Somut hadisede, anılan bildiride sarf edilen kelamlar Türk Milletini, Türkiye Cumhuriyeti Devletini tarih önünde zan altına bırakan açıklamalardır. Türkiye Cumhuriyeti Anayasasında milletvekillerinin Türk Milletinin, Türkiye Cumhuriyeti Devletinin menfaatlerine ve kanunlara uygun olarak bakılırsav yapacakları düzenlenmiş olup her milletvekili misyona başlamak için TBMM Genel Şurasında ettiği yeminde bu hususu açıkça ilan etmektedir. Siyasi partiler de demokratik siyasi ömrün vazgeçilmez ögeleri olsa da bu hareketlerini Anayasa ve kanunlar dairesinde yapacakları emsalsiz olup Türkiye Cumhuriyeti Devletini, Türk Milletini alenen aşağılayıcı faaliyet, kelam ve davranışlarda bulunulmasını demokratik anayasal tertibin korumayacağı izahtan varestedir.

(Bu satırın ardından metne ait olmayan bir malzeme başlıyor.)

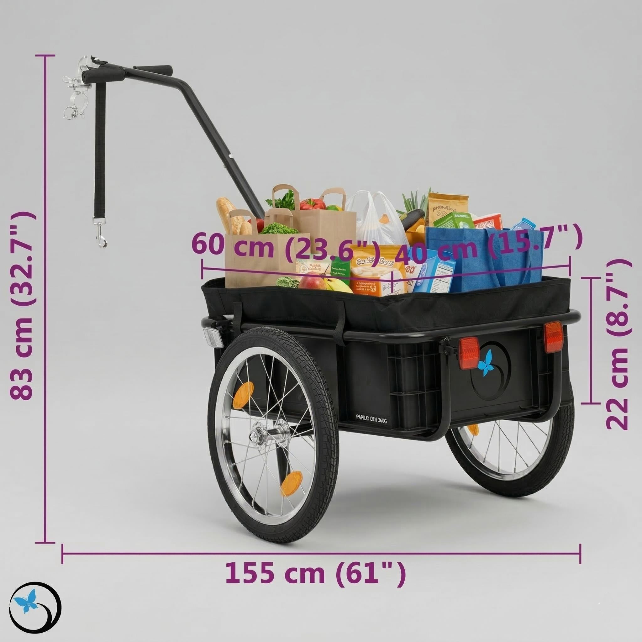 Geniale nella sua semplicità e versatilità; con il carrello spesa per la bicicletta arrivi pedalando al tuo negozio o al mercato, dopo averlo scollegato dalla bicicletta lo puoi trainare a piedi come un normale carrello della spesa dotato di borsa che svuoterai poi comodamente a casa.
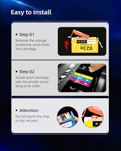 Aflautado rendimiento de página: nuestra tinta 923e ofrece un rendimiento de Aflautado rendimiento, ofreciendo hasta 1000 páginas para cartuchos de tinta negra HP 923 y hasta 800 páginas cada cartucho de tinta de 923 colores (basado en una cobertura del 5% de papel A4), fracasado para necesidades de impresión de Aflautado volumen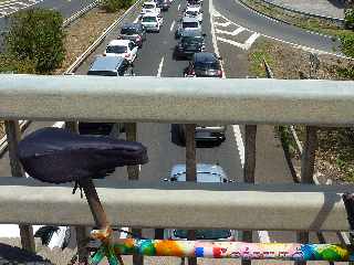 ![]() Du pont amont, la file de véhicules en direction de Saint-Pierre se remarque déjà ... | |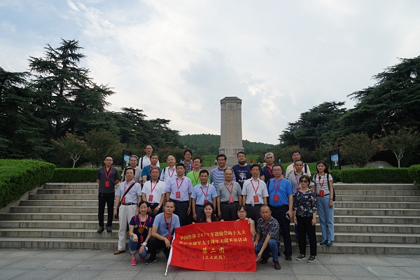 采访团在淮海战役烈士纪念塔前合影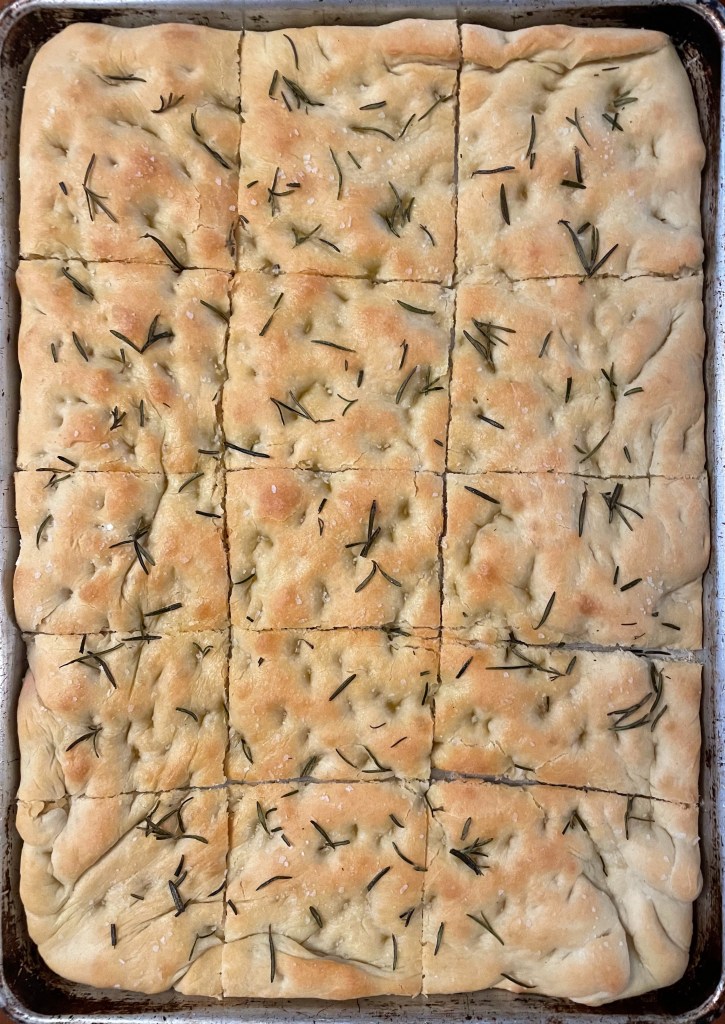 Ingredients: ¼ oz. (7 gr.) active dry yeast 2 tsp. honey 2.5 c. (590 ml.) lukewarm water 22 oz. (625 gr.) all-purpose flour 5.5 tsp. (about 16 gr.) Diamond Crystal kosher salt 6 tbsp. extra-virgin olive oil, divided, plus more for hands butter Maldon sea salt flakes fresh rosemary (optional)

Türkiye Cumhuriyeti’nde milletvekili olan bir kişinin, vekili olduğu milletin menfaatlerine alışılmamış çalışmalar yapması, kelam ve beyanlarda bulunması düşünülemez. Birebir biçimde Türkiye Cumhuriyeti Anayasası’na ve kanunlarına nazaran kurulan ve faaliyetlerde bulunan bir siyasi partinin mensuplarının bu kapsamda Türk milletinin, Türkiye Cumhuriyeti Devleti’nin menfaatlerinin aleyhine çalışmalar yapmasını hukuk sistemi korumaz. Bu kapsamda, bildirideki açıklamaların Türk milletinin ulusal menfaatlerine ve tarihi gerçeklere ters olduğu açıktır. Bildiride sarf edilen kelamlar bir bütün olarak değerlendirildiğinde; yer alan açıklama ve argümanların Türk milletini tarih önünde ve memleketler arası toplumda küçük düşürmeye matuf bir nitelik arz ettiği, Türkiye Cumhuriyeti Devleti’ni ve Türk milletini alenen aşağılayıcı mahiyette olduğu, söz hürriyetinin hudutlarının aşıldığı… kolluk üniteleri tarafınca yapılan açık kaynak araştırması kararında düzenlenen tutanakta kelam konusu bildirinin Halkların Demokratik Partisi Merkez Yürütme Konseyi Üyeleri tarafınca yayınlandığının tespit edildiği… aleniyet ögesinin gerçekleştiği, tüm evrak kapsamına bakılırsa ismi geçen şahısların Türk Milletini ve Türkiye Cumhuriyeti Devletini alenen aşağıladıkları, bu biçimdece üzerlerine atılı cürmü işledikleri anlaşılmıştır.” (HABER MERKEZİ)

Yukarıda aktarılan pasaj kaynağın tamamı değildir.